Supplied material:

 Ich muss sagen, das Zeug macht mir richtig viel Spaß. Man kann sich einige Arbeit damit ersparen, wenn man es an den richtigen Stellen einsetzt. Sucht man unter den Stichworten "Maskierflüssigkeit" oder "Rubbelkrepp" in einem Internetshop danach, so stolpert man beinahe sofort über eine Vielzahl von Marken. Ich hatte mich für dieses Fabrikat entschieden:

--

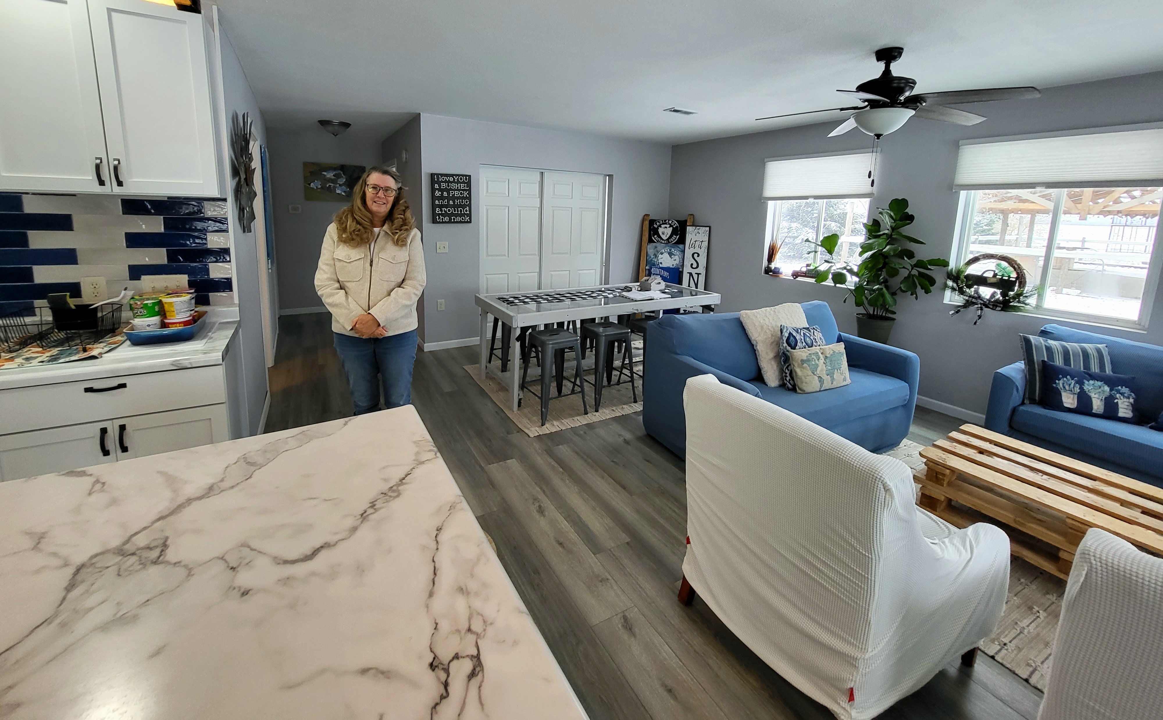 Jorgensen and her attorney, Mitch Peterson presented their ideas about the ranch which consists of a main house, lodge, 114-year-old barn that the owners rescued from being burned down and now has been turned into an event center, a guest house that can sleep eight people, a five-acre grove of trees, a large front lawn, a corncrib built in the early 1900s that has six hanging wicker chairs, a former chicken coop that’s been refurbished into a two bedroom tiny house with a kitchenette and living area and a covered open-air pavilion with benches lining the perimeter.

==

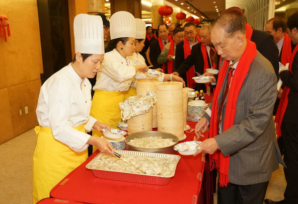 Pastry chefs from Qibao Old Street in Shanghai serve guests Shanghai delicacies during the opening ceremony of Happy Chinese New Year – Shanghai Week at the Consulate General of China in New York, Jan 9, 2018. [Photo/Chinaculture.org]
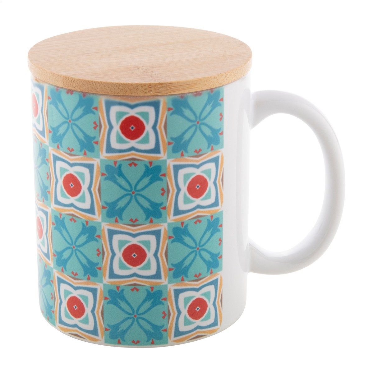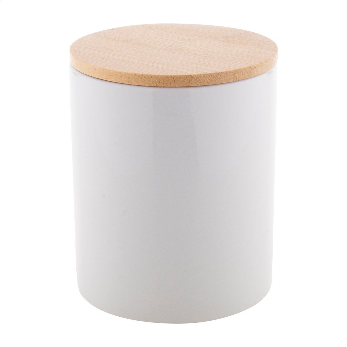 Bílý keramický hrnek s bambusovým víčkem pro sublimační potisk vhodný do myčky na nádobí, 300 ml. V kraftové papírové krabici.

Brief: In the listing above, find the line with "Pastry chefs from" and the line with "Bílý keramický hrnek". Copy exactly those lines and all between them, minus the images.

Result of the task:
 Pastry chefs from Qibao Old Street in Shanghai serve guests Shanghai delicacies during the opening ceremony of Happy Chinese New Year – Shanghai Week at the Consulate General of China in New York, Jan 9, 2018. [Photo/Chinaculture.org]
 Bílý keramický hrnek s bambusovým víčkem pro sublimační potisk vhodný do myčky na nádobí, 300 ml. V kraftové papírové krabici.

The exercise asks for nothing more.